Tips to handle Kubernetes persistent volume claims (PVC)

To get the most from PVCs in Kubernetes, consider the following best practices:

  • Use storage limits: You can define a LimitRange that restricts how much storage a PVC is allowed to request. This is useful for preventing PVCs from hogging more storage resources than they need. It can also help prevent Kubernetes disk pressure, which occurs when nodes run short on available storage. 
  • Back up PVC data: Kubernetes persistent volumes store data persistently, but they don't guarantee data won't be lost in the event that the underlying storage system is corrupted, goes offline, or is otherwise disrupted. For this reason, it's a best practice to back up PVC data to external storage.
  • Use dynamic provisioners where possible: While static provisioning is useful for simple PVC scenarios, dynamic provisioning is, on the whole, a more scalable and efficient way to manage storage resources.
  • Consider QoS definitions: PVC requests can include a Quality of Service (QoS) parameter, which defines performance criteria (like throughput or latency) that a storage volume should meet. This is useful in situations where you want to use a certain type of storage (like SSD).

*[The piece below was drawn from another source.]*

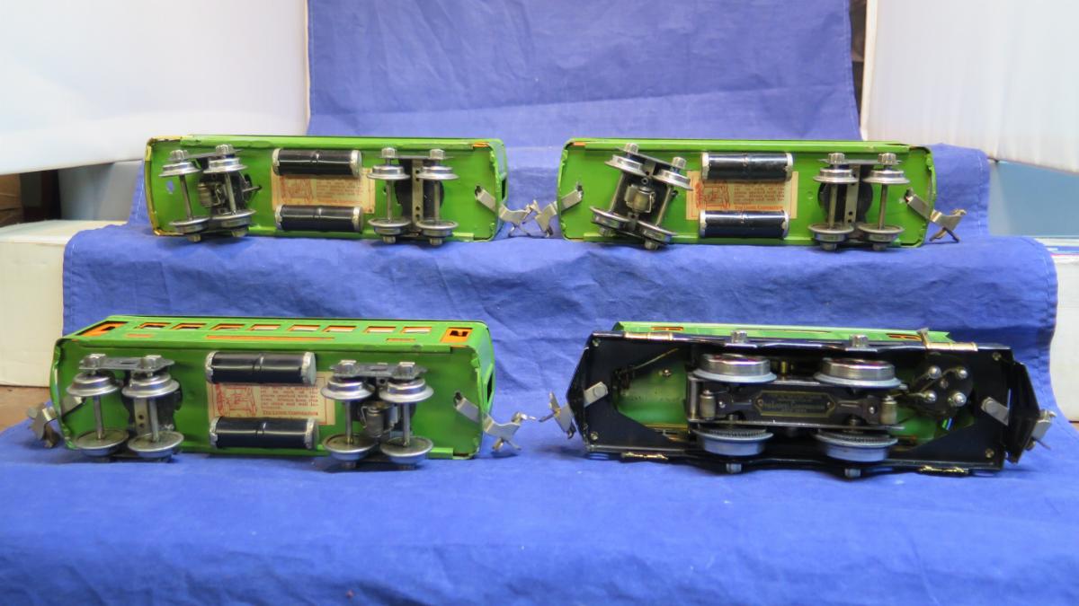 It takes many years, in my case near 50, to develop an eye for restorations vs. original. You not only have to be able to recognize the right color, but also the patina. Very early Lionel was spray-painted, sometimes unevenly, colors were mostly dark greens, maroon and olive. Classic period (started early-mid 1920's) was mostly dip-painted, earthy-tone colors, resulting in paint runs and thick blobs, mainly at frame ends, when the piece was hung to dry. In 1935 colors changed from earthy tones like terra cotta, mojave, pea green etc, to more-primary colors, 45N green, bright red, silver, ivory-white. Also, in 1935, Lionel went back to spray-painting, resulting in a finish with "orange peel" texture instead of runs. Silver is an exception as it was used before 1935, and I don't think it was ever used for dip-painting. Also black frames continued to be dip painted into later prewar production, well past 1935.

Handling Kubernetes PVC with groundcover

As a Kubernetes monitoring and observability platform, groundcover doesn't help you create Kubernetes persistent volumes or persistent volume claims. It does, however, provide the insights you need to troubleshoot issues related to persistent volumes and PVCs – like storage that fails to mount or pods that can't use a PVC because they're stuck in a restart loop.

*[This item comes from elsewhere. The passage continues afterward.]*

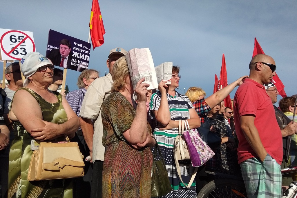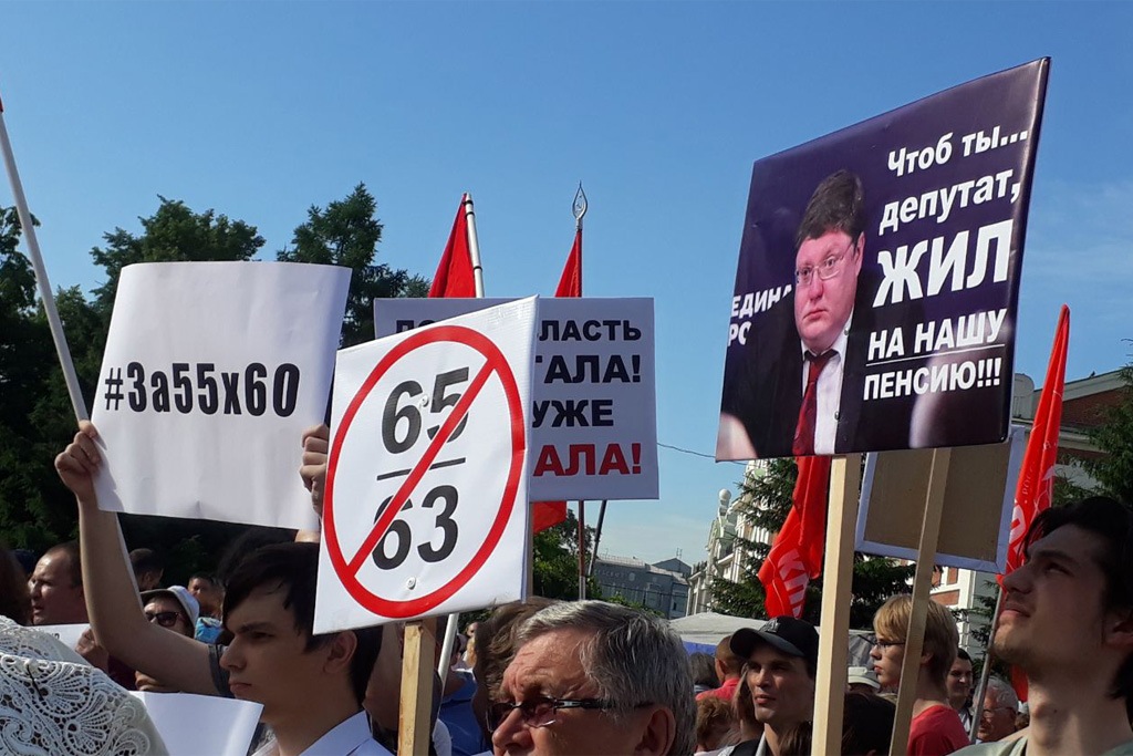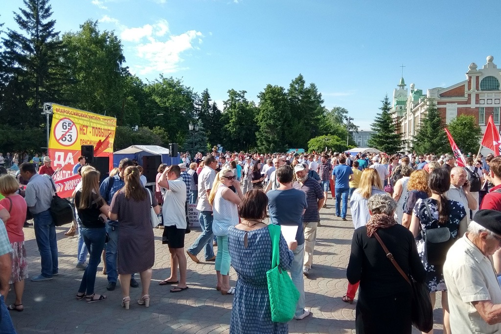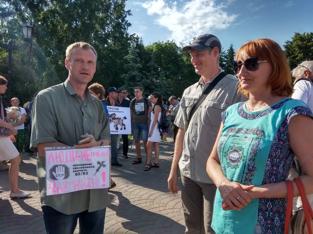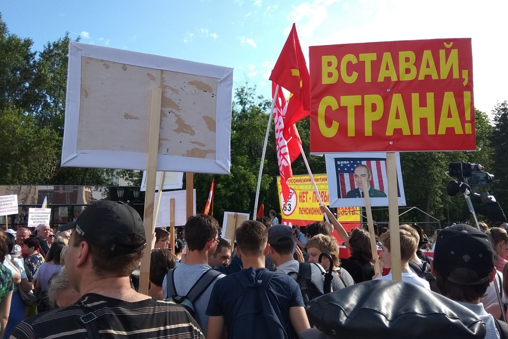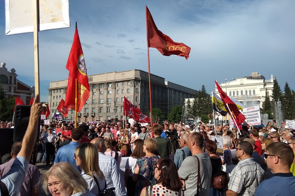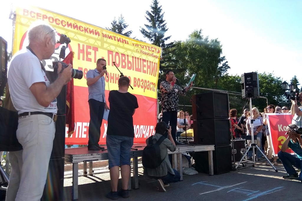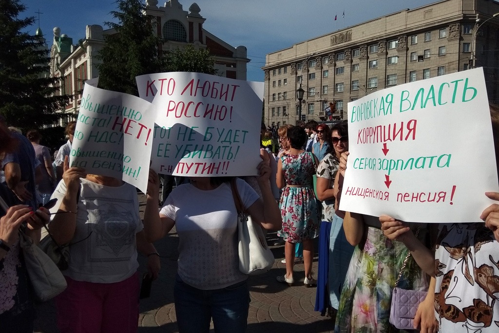 Первый митинг против повышения пенсионного возраста и НДС прошел в Новосибирске 16 июня. На него пришли, в основном, представители левых сил и «Пенсионеров за достойную жизнь».

When something goes wrong with a PVC, you can count on groundcover to provide the context necessary to troubleshoot the issue quickly.

Getting more from Kubernetes with PVCs

Managing storage resources in Kubernetes is more complicated than managing storage for traditional applications, which can write directly to local server file systems or network file systems. But with a little help from PVCs, you can provide storage resources to Kubernetes workloads, too, making it possible to run stateless applications with abandon. You just need to learn the steps for provisioning persistent volumes and PVCs, and troubleshooting them when matters go awry.